I'll use Washington state as my source, but laws will be similar in other states. RCW 9A.76.020 outlaws obstructing a law enforcement officer, which this would be: it is a gross misdemeanor. In using lethal force, you would have committed first degree murder, under RCW 9A.32.030. There is a defense that can be used, per RCW 9A.16.050, that homicide is justified when:
In the lawful defense of the slayer, or his or her husband, wife,
parent, child, brother, or sister, or of any other person in his or
her presence or company, when there is reasonable ground to apprehend
a design on the part of the person slain to commit a felony or to do
some great personal injury to the slayer or to any such person, and
there is imminent danger of such design being accomplished.
Law enforcement officers have access to justifiable homicide defenses as well under 9A.16.040, for example
(b) When necessarily used by a peace officer to overcome actual
resistance to the execution of the legal process, mandate, or order of
a court or officer, or in the discharge of a legal duty
or
(c) When necessarily used by a peace officer or person acting under
the officer's command and in the officer's aid: (i) To arrest or
apprehend a person who the officer reasonably believes has committed,
has attempted to commit, is committing, or is attempting to commit a
felony
The outcome of the case would hinge in part on whether the officer's arrest and use of force was lawful. To take two extremes, if the guy on the ground had just killed a dozen people and was aiming to rack up another dozen kills, the officer's arrest would almost certainly be held to be legal and his degree of force justified. Your personal belief that the suspect was compliant and unarmed might be refuted by the facts. On the other hand, if the guy on the ground had slept with the officer's sister and the officer wanted to rid the world of this vermin, then the arrest and force would almost certainly be held to be not legal.

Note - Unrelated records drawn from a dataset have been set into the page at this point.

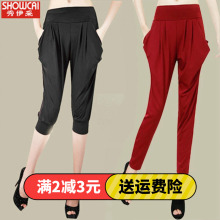 七分裤女夏休闲裤九分雪纺哈伦裤女裤子薄款马裤大码中裤宽松短裤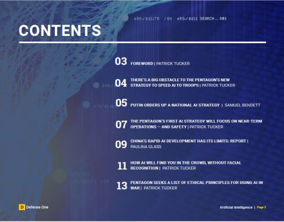 美国“防务一号”网站3月底发布最新《人工智能报告》称,美国国防部在2019年,将让人工智能真正成为现实。该报告分为六个部分,详细介绍分析了美国在人工智能上的最近真略进展;俄罗斯和中国在人工智能策略上的发展与弱点;AI技术上的重大突破;以及美国国防部应如何应对日益凸显的AI伦理问题等最新的重要议题。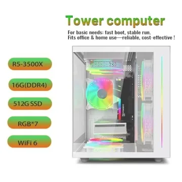 Show more The Suevery Prebuilt Gaming Desktop Computer is designed to deliver an exceptional gaming experience while catering to the needs of creative professionals and office workers alike. Powered by the AMD Ryzen 5 5600G 6-core processor, it features a base clock speed of 3.6 GHz, which can boost up to 4.1 GHz, providing plenty of processing power for multitasking and demanding applications. Coupled with 16GB of high-speed DDR4 RAM and a 512GB NVMe SSD, this desktop is engineered for lightning-fast operation and caters to various uses, from gaming to light video editing.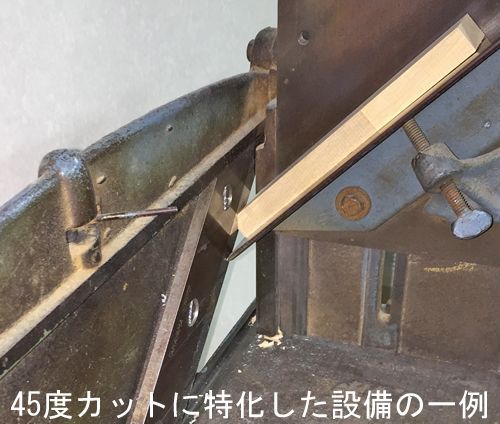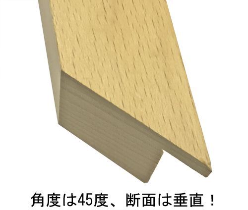 額縁の本体(大外のフレーム)は、棒状の4辺で形を成します。この棒状の部材4辺を組み合わせるには、部材を斜め45度にカットしなくてはなりません。この斜め45度のカットが、難度の高いハードルとなります。
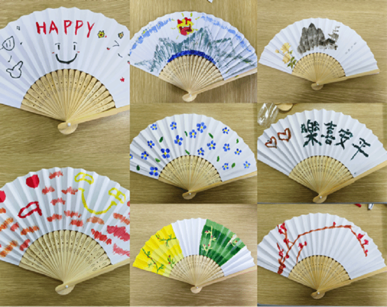 “我从小就对画画充满热情,喜欢画自己喜欢的卡通人物和玩具,这次在纸扇上画画,是一种非常特别的体验!”孟鑫雅同学认为,画画是轻松而愉快的,她也将这份轻松和愉快的心情注入了纸扇中。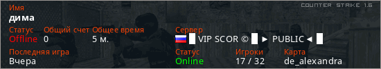 Играет на Counter Strike 1.6 сервере. Страна: РоссияПервый раз замечен 18:22 11.03.2026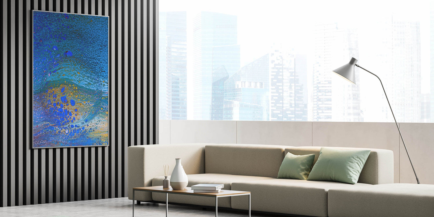 Perfect for coastal homes, modern interiors, or creative workspaces, this fluid acrylic wall decor brings a sense of tranquility and movement to any space. Whether you're drawn to its oceanic hues or flowing textures, this contemporary fluid art piece is a timeless addition to your decor.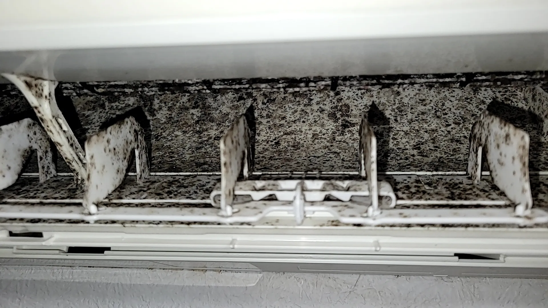 「部屋の温度は下がるけれどこのままでは視覚からのカビ汚れと嗅覚からの雑菌臭でテンションまで下がってしまうので」ということでしたのでいつも通りエアコン専用洗浄剤と強力に除菌もできるカビ取り洗浄剤のダブル洗浄で綺麗になりました。

It can be legal to use deadly force to resist unlawful arrest. See John Bad Elk v. United States, 177 U.S. 529, where the court held that
if a party resisted arrest by an officer without warrant, and who had
no right to arrest him, and if, in the course of that resistance, the
officer was killed, the offence of the party resisting arrest would be
reduced from what would have been murder, if the officer had had the
right to arrest, to manslaughter
The court also said
where the officer is killed in the course of the disorder which
naturally accompanies an attempted arrest that is resisted, the law
looks with very different eyes upon the transaction when the officer
had the right to make the arrest from what it does if the officer had
no such right. What might be murder in the first case might be nothing
more than manslaughter in the other, or the facts might show that no
offense had been committed.
This ruling has been somewhat eroded, in US v. Simon:
We recognize that law enforcement officers are frequently called on to
make arrests without warrants and should not be held, so far as their
personal security is concerned, to a nicety of distinctions between
probable cause and lack of probable cause in differing situations of
warrantless arrests. It is for this reason we believe that the force
of John Bad Elk has been diminished
The upshot of this is that (assuming no warrant), leeway is granted to officers in assessing probable cause (I'm not sure anybody really knows at a general conceptual level what constitutes "probable cause". The court seems to imply that the remote hearsay used as the basis for the arrest would not have been sufficient for a warrant, but it was "reasonable grounds" for believing accused had committed a crime).
Your premise that the officer is about to shoot would have to be substantiated by some fact, such as a declaration "I'm gonna kill you". Otherwise, your belief that the officer was about to commit unjustified murder would itself be unjustified. With better fleshing out of the circumstances, you could manufacture a justified-homicide scenario.